** Problem to work on **
Nothing but the lines below from the one with "Large Box #4" through the one with "7月30日,在北京市朝陽區十里河橋附近,北京排水集團的工作車輛在現場值守。" should be output, each exactly as given, and no pictures.

** Provided information **
○ ○ ○

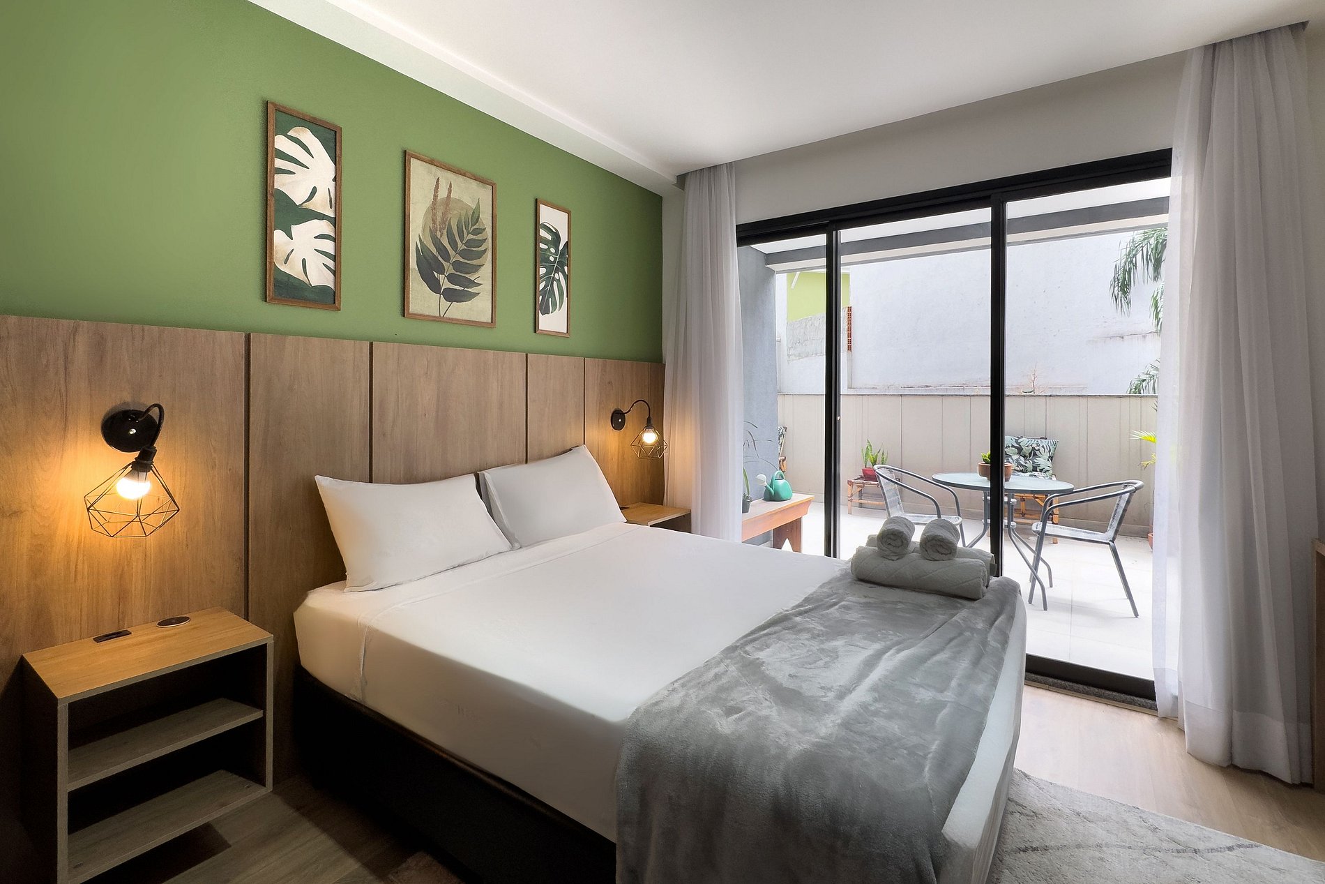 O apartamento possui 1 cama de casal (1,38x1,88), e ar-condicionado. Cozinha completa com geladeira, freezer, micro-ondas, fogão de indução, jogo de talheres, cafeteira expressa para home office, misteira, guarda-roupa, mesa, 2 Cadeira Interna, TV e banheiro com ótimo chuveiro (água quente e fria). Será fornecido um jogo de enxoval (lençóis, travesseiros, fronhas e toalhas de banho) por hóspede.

○ ○ ○

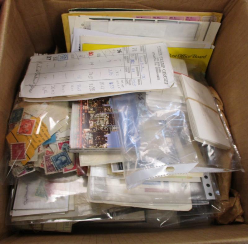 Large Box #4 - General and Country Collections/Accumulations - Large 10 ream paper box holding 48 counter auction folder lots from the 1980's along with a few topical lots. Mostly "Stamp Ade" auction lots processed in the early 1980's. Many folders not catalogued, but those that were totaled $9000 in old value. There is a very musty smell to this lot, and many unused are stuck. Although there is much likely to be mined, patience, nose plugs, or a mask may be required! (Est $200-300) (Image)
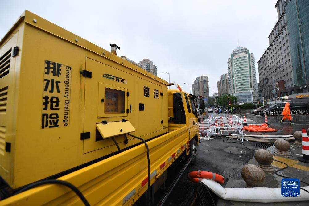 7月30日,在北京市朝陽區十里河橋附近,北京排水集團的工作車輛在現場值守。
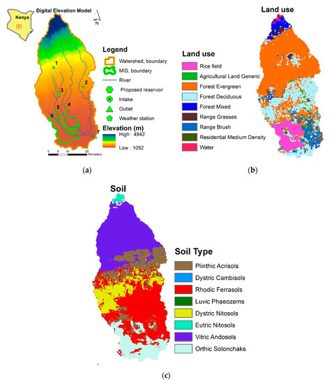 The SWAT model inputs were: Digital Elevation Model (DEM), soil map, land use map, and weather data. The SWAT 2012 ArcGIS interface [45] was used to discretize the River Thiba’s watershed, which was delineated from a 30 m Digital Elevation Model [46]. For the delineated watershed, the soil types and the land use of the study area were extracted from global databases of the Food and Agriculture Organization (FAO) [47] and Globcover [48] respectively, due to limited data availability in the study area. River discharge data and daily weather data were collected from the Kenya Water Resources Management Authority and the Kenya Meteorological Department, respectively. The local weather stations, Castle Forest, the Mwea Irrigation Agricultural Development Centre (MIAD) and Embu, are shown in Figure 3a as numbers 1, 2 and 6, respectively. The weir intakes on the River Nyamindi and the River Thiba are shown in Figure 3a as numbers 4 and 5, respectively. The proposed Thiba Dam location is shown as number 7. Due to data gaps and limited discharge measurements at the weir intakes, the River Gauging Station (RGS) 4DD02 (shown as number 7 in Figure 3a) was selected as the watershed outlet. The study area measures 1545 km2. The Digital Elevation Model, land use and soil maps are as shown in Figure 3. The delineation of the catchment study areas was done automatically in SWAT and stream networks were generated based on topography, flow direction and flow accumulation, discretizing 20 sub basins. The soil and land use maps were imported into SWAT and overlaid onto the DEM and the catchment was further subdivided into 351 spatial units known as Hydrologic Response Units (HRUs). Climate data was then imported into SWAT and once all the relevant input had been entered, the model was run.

○ ○ ○

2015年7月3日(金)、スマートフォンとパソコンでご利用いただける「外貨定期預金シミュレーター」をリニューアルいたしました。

○ ○ ○

** Output below **
 Large Box #4 - General and Country Collections/Accumulations - Large 10 ream paper box holding 48 counter auction folder lots from the 1980's along with a few topical lots. Mostly "Stamp Ade" auction lots processed in the early 1980's. Many folders not catalogued, but those that were totaled $9000 in old value. There is a very musty smell to this lot, and many unused are stuck. Although there is much likely to be mined, patience, nose plugs, or a mask may be required! (Est $200-300) (Image)
 7月30日,在北京市朝陽區十里河橋附近,北京排水集團的工作車輛在現場值守。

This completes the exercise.